Weird behavior using the Swift Optional type

Question

I was practicing with Swift Optional type a little bit, and noticed weird(for me) behavior. Code:

func returnOptionalIntFromString(_ val: String) -> Int? {
    return Int(val)
}

func returnIntFromString(_ val: String) -> Int {
    return Int(val) ?? 0
}

let optionalStr: String? = "10"
let mappedC1 = optionalStr.map(returnIntFromString)
let mappedC2 = optionalStr.map(returnOptionalIntFromString)
let flatMappedC1 = optionalStr.flatMap(returnIntFromString)
let flatMappedC2 = optionalStr.flatMap(returnOptionalIntFromString)
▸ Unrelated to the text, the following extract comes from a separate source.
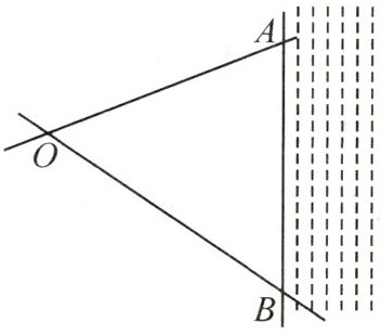 13. 新考向 真实情境 如图,铁路 $OA$ 和铁路 $OB$ 相交于点 $O$ 处,河道 $AB$ 与铁路分别相交于点 $A$ 处和点 $B$ 处。若在河岸上建一座水厂 $M$,要求 $M$ 到铁路 $OA$,$OB$ 的距离相等,则该水厂 $M$ 应建在图中的什么位置?请在图中标出点 $M$ 的位置。
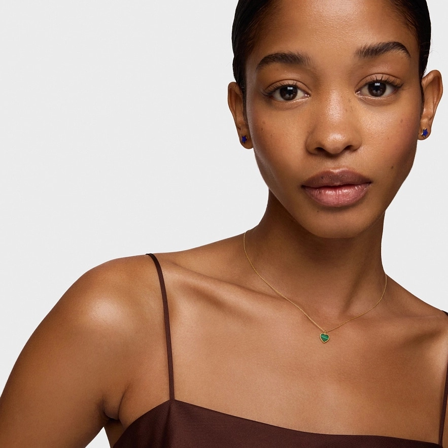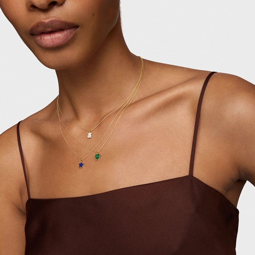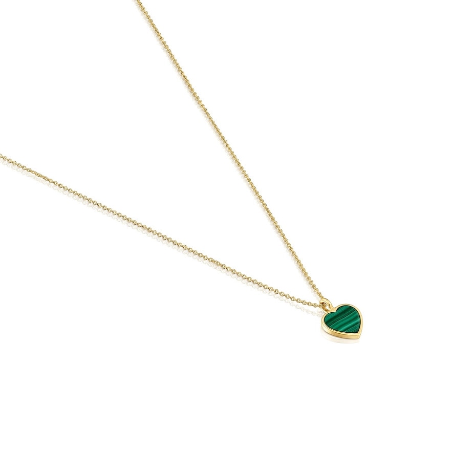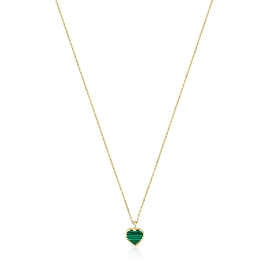 Колье TOUS XXS из желтого золота 14 карат с ограненным малахитом в форме сердца. Длина колье: 17 см. Застежка-лобстер.

Why this line let flatMappedC1 = optionalStr.flatMap(returnIntFromString) compiling? I'm passing (String) -> Int to the function which accept (String) -> Optional<Int>, so it must be compile-time error? Or no? :)

Answer 1

Optionals are treated specially by the compiler. In particular, a value of type T is automatically wrapped into an Optional<T> if necessary:

let a = 5
let b: Int? = a

That works also with non-optional vs optional return types of a closure:

let cla: () -> Int = { return 13 }
let clb: () -> Int? = cla

and that is what happens in

let flatMappedC1 = optionalStr.flatMap(returnIntFromString)